14

I am searching only by couple of fields but I want to be able to store the whole document in ES in order not to additional DB (MySQL) queries.

I tried adding index: no, store: no to whole objects/properties in the mapping but I'm still not sure if the fields are being indexed and add unnecessary overhead.

Let's say I've got books and each has an author. I want to search only by book title, but I want to be able to retrieve the whole document.

Is this okay:

mappings:
properties:
    title:
        type: string
        index: analyzed
    author:
        type: object
        index: no
        store: no
        properties:
            first_name:
                type: string
            last_name:
                type: string

Or should I rather do:

mappings:
properties:
    title:
        type: string
        index: analyzed
    author:
        type: object
        properties:
            first_name:
                index: no
                store: no
                type: string
            last_name:
                index: no
                store: no
                type: string

Or maybe I am doing it completely wrong? And what about nested properties that should not be indexed?

Яois
  • 3,838
  • 4
  • 28
  • 50
pinkeen
  • 690
  • 3
  • 10
  • 21

2 Answers2

11

By default the _source of the document is stored regardless of the fields that you choose to index. The _source is used to return the document in the search results, whereas the fields that are indexed are used for searching.

You can't set index: no on an object to prevent all fields in an object being indexed, but you can do what you want with Dynamic Templates using path_match property to apply the index: no setting to every field within an object. Here is a simple example.

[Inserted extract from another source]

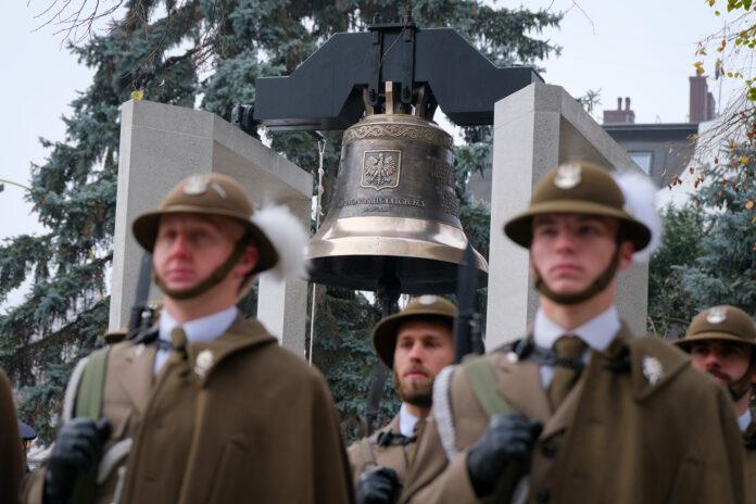 Młodsi i starsi, z radością uderzali dziś w Dzwon Niepodległości.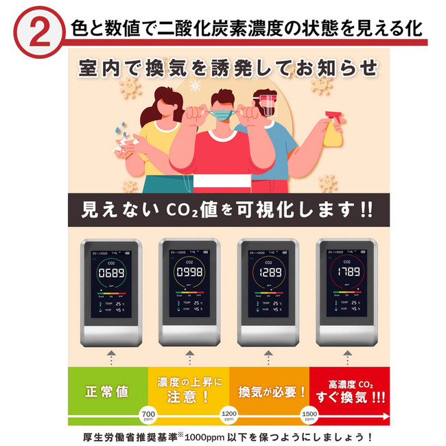 飲食店、商業施設、学校、イベント会場、オフィス、会議室など密になりやすい場所で換気をする目安にご使用下さい。

Create an index with your mapping that includes the dynamic templates for the author object and the nested categories object:

POST /shop
{
    "mappings": {
        "book": {
            "dynamic_templates": [
                {
                    "author_object_template": {
                        "path_match": "author.*",
                        "mapping": {
                            "index": "no"
                        }
                    }
                },
                {
                    "categories_object_template": {
                        "path_match": "categories.*",
                        "mapping": {
                            "index": "no"
                        }
                    }
                }
            ],
            "properties": {
                "categories": {
                    "type": "nested"
                }
            }
        }
    }
}

Index a document:

POST /shop/book/1
{
    "title": "book one",
    "author": {
        "first_name": "jon",
        "last_name": "doe"
    },
    "categories": [
        {
            "cat_id": 1,
            "cat_name": "category one"
        },
        {
            "cat_id": 2,
            "cat_name": "category two"
        }
    ]
}

If you searched on the title field with the search term book the document would be returned. If you search on the author.first_name or author.last_name, there won't be a match because this fields were not indexed:

POST /shop/book/_search
{
    "query": {
        "match": {
            "author.first_name": "jon"
        }
    }
}

The same would be the case for a nested query on the category fields:

POST /shop/book/_search
{
    "query": {
        "nested": {
            "path": "categories",
            "query": {
                "match": {
                    "categories.cat_name": "category"
                }
            }
        }
    }
}

Also you can use the Luke tool to expect the Lucene index and see what fields have been indexed.

Dan Tuffery
  • 5,874
  • 29
  • 28
  • Does `"index": "no"` imply `"store": "no"` ? I've read `store` means storing the original property's `_source` in lucene but I'm not sure how it is related to `index`. And just to make sure - I don't have to provide mappings for the non-indexed fields? ES won't throw errors if I put a document with property X that is an int and then a document with the same property but with string? – pinkeen Apr 10 '15 at 19:54
  • No, the setting for index does not determine the setting for store. The default for store is no, which is fine in your use case because the _source is enabled. If you disabled the _source field and select the fields you want to store, the stored fields will only be returned in the search results when there is a match. You have to provide mapping for non indexed fields in order to tell Elasticsearch not to index them, otherwise Elasticsearch will use the default analyzer (Standard Analyzer) to index the field. – Dan Tuffery Apr 11 '15 at 08:11
  • 1
    However, in the above example the dynamic templates are used for the mappings of non indexed fields. If you don't have a mapping for a field an error won't be returned if you change the type of a property. – Dan Tuffery Apr 11 '15 at 08:11
1

You can simply set "enabled": false in mapping definition.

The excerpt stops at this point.